# Split level workshop- help & ideas needed



## joel.riley1 (22 May 2021)

Hi all, I have a spot in our garden that I can site a workshop, in place of an existing garage. It's a listed building so I need full planning for everything so need to fully design first.

Images attached of the area, and one of my proposed design, it's 4m x 10m. 

Problem is that there is a significant slope on the plot, it's around 1.8m difference top to bottom, and the top access is onto a lane, so the option of just digging down isn't really there, and building up also isn't there as the planning officer isn't likely to go for a huge structure next to a 600 yr old thatched cottage.

Does anyone have experience with a two level workshop, with a slope, steps, wall or combination splitting the levels? Is it a pain in the buttocks?

I mostly do woodwork but also have metalworking tools so could split those two, but it would make each part pretty small at 5m x 4m.

Really like some input as I've been trying to get this project moving for a long time, and with an extension taking away my workshop attached to the house, will be workshopless....


----------



## Adam W. (22 May 2021)

In effect you'll be building two workshops joined together if you want the roof to step down too.


----------



## eribaMotters (22 May 2021)

I'm guessing you have had a preliminary meeting with the listing officer. When I had a grade 2 listed house he was independent of the planning and building control departments. 
I cannot think how you would be able to avoid a two storey end to your workshop, but if timber clad [top half only to visually lower the mass] this would have minimal impact and with a good amount of glass allow lots of light in. I would plan for the upper floor to stop short of the gable leaving a double height aspect to your machine shop on the lower level. I'm also wondering if a steel frame would be an option as this would cause less disturbance on the ground. 
Whatever the case it sounds an exciting project, but not a cheap one. Best of luck.

Colin


----------



## Cabinetman (22 May 2021)

It looks slightly more level if you were to have the workshop following the line of the lane. In other words turn it through 90°.
I’m not sure it can be done really unless you do as EM suggests and have it two story. 1.8 m isn’t an easy step or two it’s 2/3 thirds ceiling height. Ian


----------



## AJB Temple (22 May 2021)

Would removing the garage diminish the value of the property? 
I wonder if making the replacement building a garage that can be used as a workshop, would be wise in the context of persuading listed building officer that you are not detracting from the thatched cottage, and also persuading planners that all you are doing is replacing a shed with a better quality and more in keeping building, along with a necessary garden store.


----------



## Cabinetman (22 May 2021)

Thinking about it again, purely on a how to do it and end up with a single-storey end at the lower end, The only way I can see it is to dig downwards with some stairs as soon as you enter from the lane so that’s quite a bit of digging.


----------



## AJB Temple (22 May 2021)

I would absolutely make sure you can easily get wood and machines in and out easily from the lane. This was part of the reason why I suggested retaining the "garage" aspect at least cosmetically. No stairs at that point as workshops require a lot of stuff in an out.


----------



## Austin Branson (22 May 2021)

If you’re concerned about possible problems with permission, I would use a green oak timber frame.


----------



## Cabinetman (22 May 2021)

You are absolutely right of course Adrian and it would be a pita to have to go down a set of steps with all your timber etc, ( probably six or seven steps and equipment could be hoisted in and out.) There isn’t any other alternative though because he’s not allowed to have a high building further down the slope near to the cottage. Ian


----------



## Inspector (22 May 2021)

Would there be acceptance of making it look like an old barn would have been made in the same location? A stone walled lower room and the wood framed loft above. Then you could cut into the hill and pour a slab and concrete walls. The outside of the concrete not in the slope getting a stone veneer witch after a number of years will grow some moss and look like it was always there. Not a cheap way to go but you would have more room, avoid the steps in the space and not have possible problems with water running off the road and into/through the shop.

Pete


----------



## joel.riley1 (22 May 2021)

Thanks all, I'm so happy to have some input on this!

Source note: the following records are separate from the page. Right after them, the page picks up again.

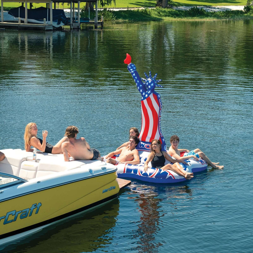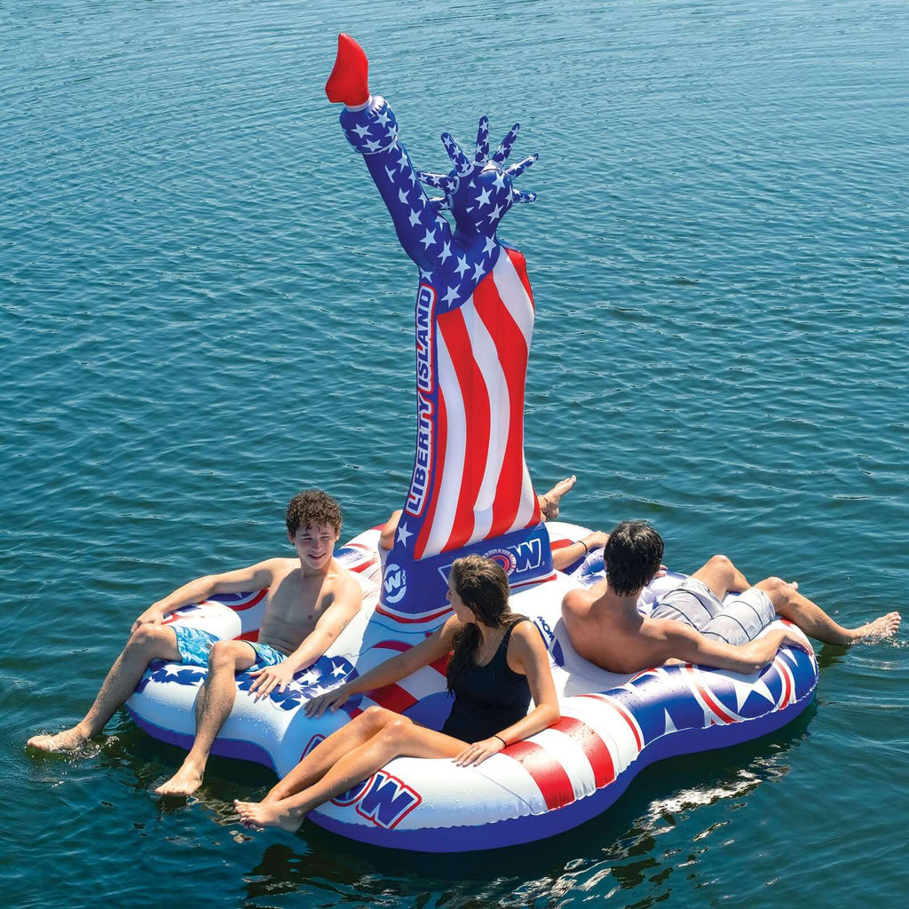 The Liberty Island from WOW is the 4-person inflatable island you need this Fourth of July! This HUGE Americana inflatable island is perfect for your favorite party cove or for floating down the river. The Liberty Island has 4 separate mesh seats for each person and a tall, proud Lady Liberty at the center. Red, white and WOW, it's perfect to celebrate what it is to be American.
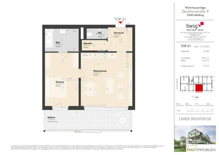 Die Wohnung befindet sich im 2. Obergeschoss (Dachgeschoss) und verfügt über 58,72 m² Wohnfläche + einen 15,67 m² großen Balkon.
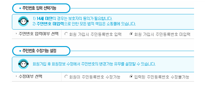 이슈가 되고 있는 주민번호 입력 선택기능 주민번호 수정 선택 기능
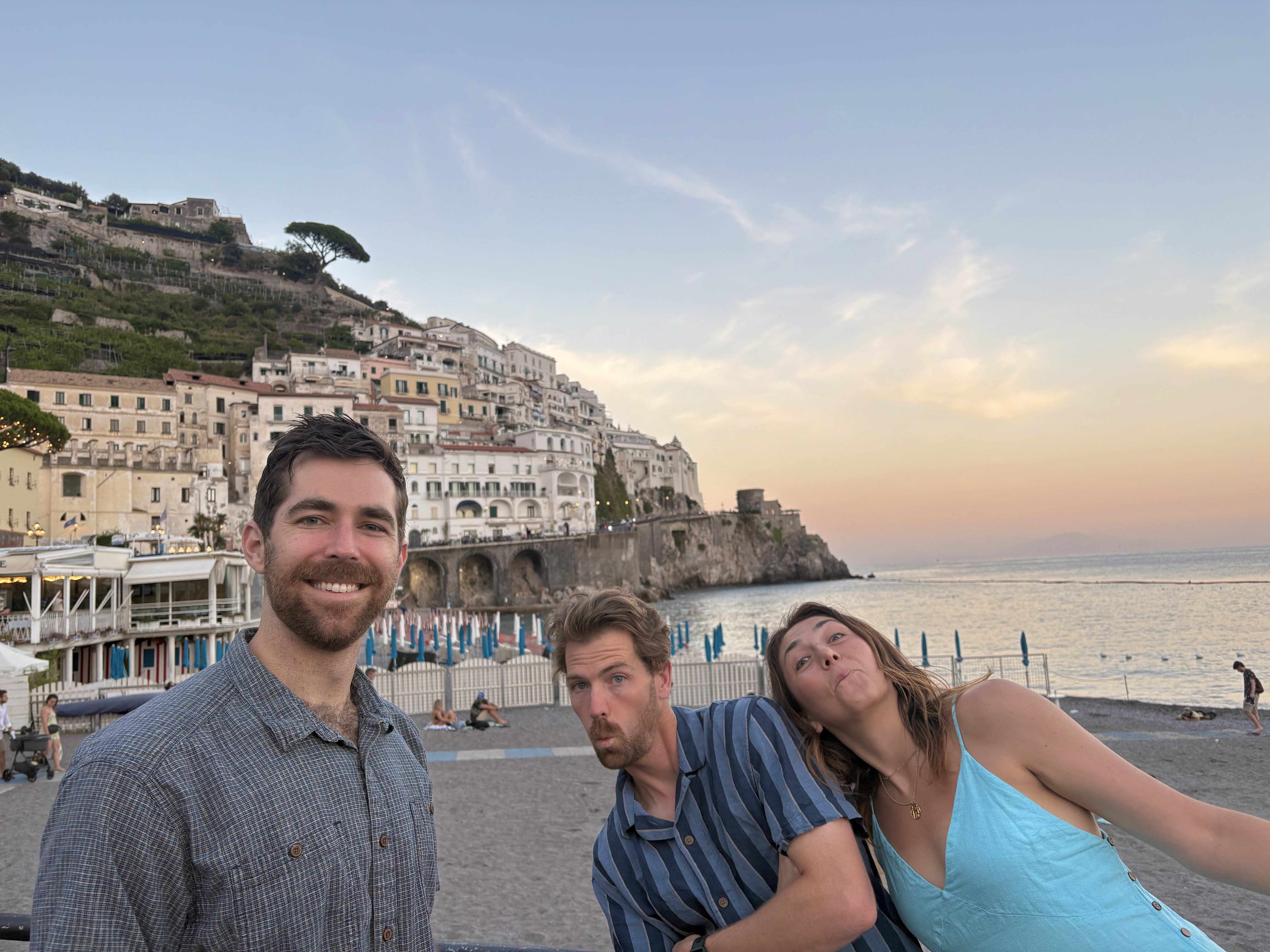 Only one day later we were off to Amalfi for Jack's brother's wedding 😵💫 I was so focused on climbing later in the trip that I didn't know what to expect in Amalfi. Safe to say I was blown away. Amalfi is smashed up against the cliffs south of Naples; it was first colonized by people fleeing mainland invasions, but its unique position led it to become one of the major maritime republics of the middle ages. Like the rest of Italy, it's now a tourist hotbed — and for good reason!The Washington crew was relieved to be in Italy (and no longer in transit)

Yes it will need full planning permission with a heritage officer. I have a house extension going in, and have already made a pre application, the planner said that the house extension would be highly unlikely, but the workshop would 'probably not be a problem if bulk is kept to a minimum'. I have found a way to likely get backing for the house extension, so the workshop is next in line. He may be underestimating the scale of building I'd like though!

Cost is not the main consideration for this (although always wise to keep track of budget) as the house is my dream home, and I have been able to buy it at 31 yrs old, we will be here for as long as I can forsee, so I am not attempting to add value, or looking into what a prospective buyer may want to have in the garden.

I have written off the idea of *Cabinetman *as there is a mature Cherry tree next to the road, which I like and it blocks the view of a new development of houses being built just beyond the current garage. I can't change the placement of the building much without disturbing the roots of the tree. I have planted more trees to succeed the cherry when it dies, but the houses behind are already being built!

*AJB Temple *I made the original pre-app saying that the building would be a garage, I'm not sure whether this has much bearing on the application, compared to what the building looks like?

*eribaMotters *I like your input about reducing mass with half cladding, I'll make a two-box two-level design, half clad and see how it looks.

*Inspector *this sounds like a great idea and I'll also whip up a design as you've said. I had an architect friend round and we measured the levels, and put the measuring stick at eaves hight and it looked huge in the garden, this is the main issue. Maybe I could set back the main end somehow.

Is the general consensus that I need to avoid a level change inside at all costs?


----------



## joel.riley1 (22 May 2021)

To give some context here is a photo of the house, the workshop would poke through the red circle, current garage is just hidden behind trees.


----------



## Adam W. (22 May 2021)

joel.riley1 said:


> Is the general consensus that I need to avoid a level change inside at all costs?



No. I'd build with the lie of the land as a design element. I wouldn't create a sub basement and I would have the roof step down the gradient using gables.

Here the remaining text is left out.